> **TASK TO COMPLETE**:
Down to the final line, print the records below exactly and without pictures.

> **MATERIAL SUPPLIED**:

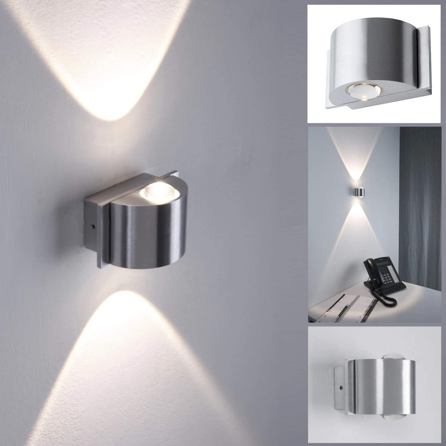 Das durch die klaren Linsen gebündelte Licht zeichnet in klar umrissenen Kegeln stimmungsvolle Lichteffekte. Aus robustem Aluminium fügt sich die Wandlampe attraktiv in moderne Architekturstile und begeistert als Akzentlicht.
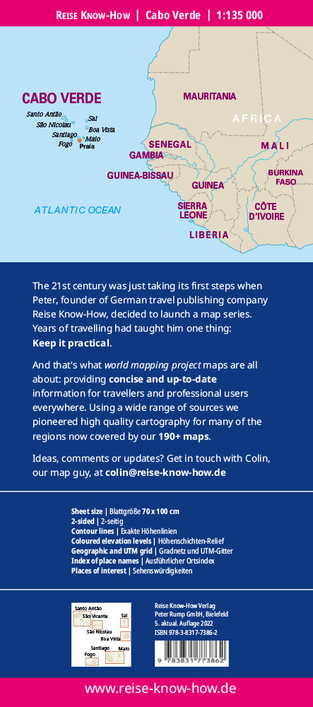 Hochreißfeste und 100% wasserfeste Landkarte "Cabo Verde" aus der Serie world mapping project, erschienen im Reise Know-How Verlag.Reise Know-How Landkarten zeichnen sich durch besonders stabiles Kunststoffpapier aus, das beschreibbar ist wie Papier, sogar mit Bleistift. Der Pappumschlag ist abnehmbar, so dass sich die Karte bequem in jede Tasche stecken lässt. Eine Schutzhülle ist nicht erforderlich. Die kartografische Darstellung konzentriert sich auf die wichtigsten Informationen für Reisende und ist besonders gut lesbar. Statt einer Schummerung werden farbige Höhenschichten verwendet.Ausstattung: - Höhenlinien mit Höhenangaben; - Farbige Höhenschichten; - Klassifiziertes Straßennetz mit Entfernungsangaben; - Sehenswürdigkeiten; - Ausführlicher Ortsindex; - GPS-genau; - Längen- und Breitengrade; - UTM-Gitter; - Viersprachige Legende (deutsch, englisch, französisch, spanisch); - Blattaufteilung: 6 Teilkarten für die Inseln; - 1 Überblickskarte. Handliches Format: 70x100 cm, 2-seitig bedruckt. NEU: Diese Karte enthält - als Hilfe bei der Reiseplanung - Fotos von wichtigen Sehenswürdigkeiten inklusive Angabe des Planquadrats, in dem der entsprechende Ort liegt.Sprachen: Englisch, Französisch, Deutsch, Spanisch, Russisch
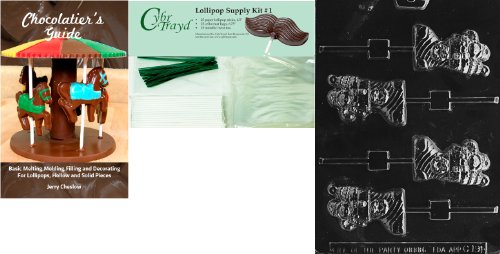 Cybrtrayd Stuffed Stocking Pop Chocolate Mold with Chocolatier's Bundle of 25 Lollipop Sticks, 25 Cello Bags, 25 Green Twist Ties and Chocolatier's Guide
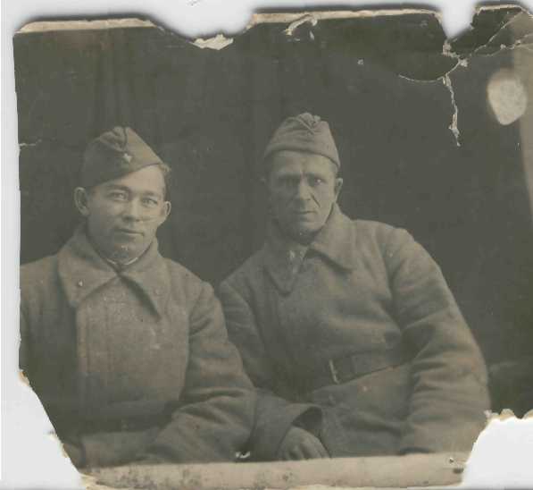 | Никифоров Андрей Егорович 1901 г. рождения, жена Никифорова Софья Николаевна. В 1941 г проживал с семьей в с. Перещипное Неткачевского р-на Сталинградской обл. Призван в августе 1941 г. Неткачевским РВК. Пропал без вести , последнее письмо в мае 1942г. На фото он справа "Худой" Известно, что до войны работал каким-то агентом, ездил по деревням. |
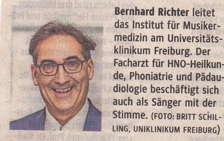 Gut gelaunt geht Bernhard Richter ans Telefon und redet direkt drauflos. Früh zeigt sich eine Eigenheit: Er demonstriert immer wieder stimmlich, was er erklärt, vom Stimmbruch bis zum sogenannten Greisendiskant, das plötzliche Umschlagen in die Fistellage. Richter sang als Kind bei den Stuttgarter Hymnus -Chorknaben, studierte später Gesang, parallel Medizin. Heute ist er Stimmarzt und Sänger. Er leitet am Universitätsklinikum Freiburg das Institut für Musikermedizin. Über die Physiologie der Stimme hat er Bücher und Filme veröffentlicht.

> **ANSWER BELOW**:
 Das durch die klaren Linsen gebündelte Licht zeichnet in klar umrissenen Kegeln stimmungsvolle Lichteffekte. Aus robustem Aluminium fügt sich die Wandlampe attraktiv in moderne Architekturstile und begeistert als Akzentlicht.
 Hochreißfeste und 100% wasserfeste Landkarte "Cabo Verde" aus der Serie world mapping project, erschienen im Reise Know-How Verlag.Reise Know-How Landkarten zeichnen sich durch besonders stabiles Kunststoffpapier aus, das beschreibbar ist wie Papier, sogar mit Bleistift. Der Pappumschlag ist abnehmbar, so dass sich die Karte bequem in jede Tasche stecken lässt. Eine Schutzhülle ist nicht erforderlich. Die kartografische Darstellung konzentriert sich auf die wichtigsten Informationen für Reisende und ist besonders gut lesbar. Statt einer Schummerung werden farbige Höhenschichten verwendet.Ausstattung: - Höhenlinien mit Höhenangaben; - Farbige Höhenschichten; - Klassifiziertes Straßennetz mit Entfernungsangaben; - Sehenswürdigkeiten; - Ausführlicher Ortsindex; - GPS-genau; - Längen- und Breitengrade; - UTM-Gitter; - Viersprachige Legende (deutsch, englisch, französisch, spanisch); - Blattaufteilung: 6 Teilkarten für die Inseln; - 1 Überblickskarte. Handliches Format: 70x100 cm, 2-seitig bedruckt. NEU: Diese Karte enthält - als Hilfe bei der Reiseplanung - Fotos von wichtigen Sehenswürdigkeiten inklusive Angabe des Planquadrats, in dem der entsprechende Ort liegt.Sprachen: Englisch, Französisch, Deutsch, Spanisch, Russisch
 Cybrtrayd Stuffed Stocking Pop Chocolate Mold with Chocolatier's Bundle of 25 Lollipop Sticks, 25 Cello Bags, 25 Green Twist Ties and Chocolatier's Guide
 | Никифоров Андрей Егорович 1901 г. рождения, жена Никифорова Софья Николаевна. В 1941 г проживал с семьей в с. Перещипное Неткачевского р-на Сталинградской обл. Призван в августе 1941 г. Неткачевским РВК. Пропал без вести , последнее письмо в мае 1942г. На фото он справа "Худой" Известно, что до войны работал каким-то агентом, ездил по деревням. |
 Gut gelaunt geht Bernhard Richter ans Telefon und redet direkt drauflos. Früh zeigt sich eine Eigenheit: Er demonstriert immer wieder stimmlich, was er erklärt, vom Stimmbruch bis zum sogenannten Greisendiskant, das plötzliche Umschlagen in die Fistellage. Richter sang als Kind bei den Stuttgarter Hymnus -Chorknaben, studierte später Gesang, parallel Medizin. Heute ist er Stimmarzt und Sänger. Er leitet am Universitätsklinikum Freiburg das Institut für Musikermedizin. Über die Physiologie der Stimme hat er Bücher und Filme veröffentlicht.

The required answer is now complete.